If nothing works, I will rewrite it to curl::curl_download()
because you already confirmed that it works well.
library("rgugik")
# 17 MB
geodb_download("wielkopolskie", method = "wget", quiet = TRUE)
# 22 MB
topodb_download("bieszczadzki", method = "wget", quiet = TRUE)
# 48 MB
models3D_download("Warszawa", method = "wget", quiet = TRUE)
# 375 MB
borders_download("administrative units", method = "wget", quiet = TRUE)
@kadyb that works fine for me.
Seems to work here for me as well.
After a long discussion and many tests, we can propose a solution consisting of two steps:
Adding information about the possibility of using a different download method when a connection error occurs (it's already done). We use utils::download.file()
function as a backend and it allows downloading using various methods / tools that can be selected by the user. During testing, we concluded that for most users the default method works fine, but there are cases where it fails (probably especially for foreign users). As you mentioned, choosing a different method (e.g. wget
) may solve this problem. Thus, we recommend this in https://github.com/kadyb/rgugik/pull/68.
We plan to add curl::curl_download()
as an additional independent download tool in the long term (after review). We did some tests and we think it will be a good solution, however we encountered a bug on Windows which is holding us back at the moment. Nevertheless, this solution can also be tested by users in the development version of the package in this way: remotes::install_github("kadyb/rgugik@usecurl")
.
Can you add the fix (e.g. method = "wget"

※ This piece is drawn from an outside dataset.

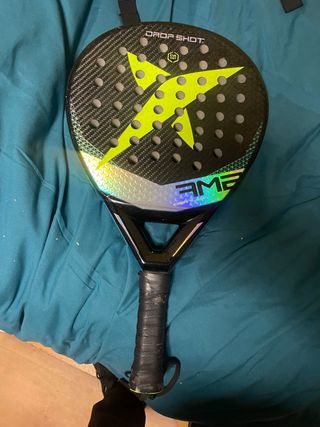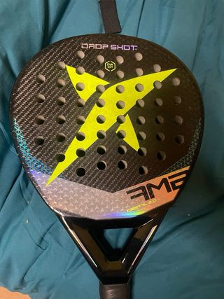 Raqueta de pádel Drop Shot con diseño moderno. - Superficie con acabado de carbono. - Detalles en color amarillo neón. - Logo de la marca visible.
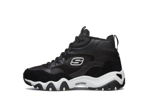 Der Skechers DLites 2.0 Sport Shoe in Schwarz (Modellnummer 999324-BLK) ist ein sportlich inspirierter Schuh mit einem auffälligen Design. Er verfügt über eine robuste, wadenhohe Silhouette mit einer markanten, wellenförmigen Sohle, die für guten Halt sorgt. Das Obermaterial kombiniert unterschiedliche Texturen und Materialien, wodurch der Schuh optisch abwechslungsreich und modern wirkt. Die Schnürung ermöglicht eine individuelle Anpassung an den Fuß. Das Logo von Skechers ist seitlich gut sichtbar angebracht und unterstreicht die Markenidentität. Die Zwischensohle ist weiß und bietet eine Kontrastfarbe zum schwarzen Obermaterial, was die sportliche Note des Schuhs verstärkt. Der Schuh eignet sich vor allem für den Alltag und Freizeitaktivitäten, wobei er durch seine stabile Bauweise auch bei sportlichen Aktivitäten bequem getragen werden kann. Insgesamt vereint der DLites 2.0 Komfort und Stil zu einem trendigen Sneaker, der sowohl modische als auch funktionelle Ansprüche erfüllt.

) to the vignettes? It's going to be something that trips up a beginner.
I've thought about it, but I'm not convinced that setting this as the default for download is a universal solution. During testing, we noticed that different methods are optimal for different configurations. I think the best solution in this situation would be to leave the default method in utils::download.file()
(wget
isn't installed on Windows by default).
However, the new user needs to be aware that there are different download methods that can be used, so I think adding this information to the vignettes would be a great idea.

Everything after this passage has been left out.